Caetanods / ratematrix

Bayesian estimation of the evolutionary rate matrix.
9 stars 3 forks source link

The wish list of enhancements for the package #46

Open Caetanods opened 7 years ago

Caetanods commented 7 years ago

This is a list of enhancements for the package that will be implemented at some point. Please feel free to add any item that you would like to see in the package in the comments for this tread.

1) apply 'checkConvergence' and 'mergePosterior' over lists [ IMPLEMENTED! ] Right now the user needs to "open the list" of mcmc chains to checkConvergence and to mergePosterior. It is easier just to pass the list of mcmc objects to these functions.

2) Try to 'tar' the MCMC files If the system has 'tar' and 'untar' functions the ratematrixMCMC can compress files in order to save space at the end of a run. However, this might be dangerous because dealing with file compression can vary among different systems. Best way is to suggest the use of the feature, keep it FALSE as the default and place a warning so that users will try it out with a test run before using it in prime time.

3) Enhance output from 'checkConvergence' when using a single chain The output now is not very informative. Need to give more information about the test used. Another interesting thing would be to decouple the computation of the ESS from the check convergence function.

4) No print method for prior samples when 'rebuild.R=TRUE' Need to implement a print method when 'rebuild.R=TRUE' in the function 'samplePrior'.

5) Allow for inverse-Gamma and half-Cauchy priors It is usual for a standard deviation to have priors equal to inverse-Gamma and half-Cauchy. Try to implement these options too.

6) Compute the contrasts only once Julien Clavel suggested that the contrasts need to be computed only once and that I just update the matrices at each iteration of the MCMC. I need to take a closer look to see how to incorporate this update.

7) Implement an adaptive MCMC cycle [ NOT NEEDED! ] It would be great to use a adaptive sampling to find the best set of step sizes given the data. This will make sure that the sampler is working great with different types of data. Right now the sampler need to be manually set.

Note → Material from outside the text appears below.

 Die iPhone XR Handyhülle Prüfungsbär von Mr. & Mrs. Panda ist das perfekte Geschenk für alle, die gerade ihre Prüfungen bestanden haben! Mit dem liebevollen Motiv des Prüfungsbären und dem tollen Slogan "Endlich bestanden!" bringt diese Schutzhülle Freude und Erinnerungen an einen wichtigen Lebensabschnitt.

8) Extend 'plotPrior' The 'plotPrior' function now assumes that the priors for the two rate regimes are the same. Need to extend this to work with different priors for each regime. The function only plots the prior distribution for the evolutionary rate matrix. Need to add an option to be able to also plot the prior for the root value. One way would be to have a option choosing between the plot of the prior for the root and the prior for the rate matrix. Also would be great to plot the prior in a bounded region of the parameter space, such that I could plot the posterior alongside the prior. Right now you need to do separated plots.

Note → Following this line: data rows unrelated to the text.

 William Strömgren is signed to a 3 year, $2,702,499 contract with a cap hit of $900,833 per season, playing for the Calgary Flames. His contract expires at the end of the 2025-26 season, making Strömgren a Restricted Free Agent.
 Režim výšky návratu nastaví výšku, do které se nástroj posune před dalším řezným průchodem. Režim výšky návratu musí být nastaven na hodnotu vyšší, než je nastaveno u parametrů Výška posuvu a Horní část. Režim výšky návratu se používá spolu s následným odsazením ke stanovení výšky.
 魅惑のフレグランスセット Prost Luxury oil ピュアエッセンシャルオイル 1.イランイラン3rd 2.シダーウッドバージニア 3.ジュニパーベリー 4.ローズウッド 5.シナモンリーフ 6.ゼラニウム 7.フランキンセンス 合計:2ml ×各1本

9) measurement error This is something important to implement. Both 'phytools' and 'mvMORPH' have examples of how to implement those things.

Caetanods commented 7 years ago
  1. Unnecessary error message when trying to check convergence of MCMC chains with different lengths. It would be easy to just check which chain has the least number of generations and subset all the other to the same length before calling 'coda'. This would help to check the convergence of analyses that still running.
Caetanods commented 7 years ago
  1. No easy way to check the evolutionary correlations among the traits. The package estimates the evolutionary correlation among the traits but the output is focused on the covariances. Need to add functions and options to functions to work, test, and visualize results in the form of evolutionary correlations in a easy way.
Caetanods commented 7 years ago
  1. 'plotRatematrix' function need to accept a vector of regime names for the parameter p. Right now the argument only accepts the position (index) for the regimes. But it is much easier to give the names of the regimes.
Caetanods commented 7 years ago
  1. Make a "smart" default prior for the rates of evolution. There is an easy way to make a better default for the prior distribution on the rates of evolution. I can check the likelihood of rates in different order of magnitude. With this I can get an idea of the region (in a very broad sense) of where the parameter estimates for the rates are going to be. With this info I can try to make a better uniform bound for the uniform prior on the rates of evolution. Of course, this is still not going to be anything near the best solution which is the user to set a suitable prior for the analysis.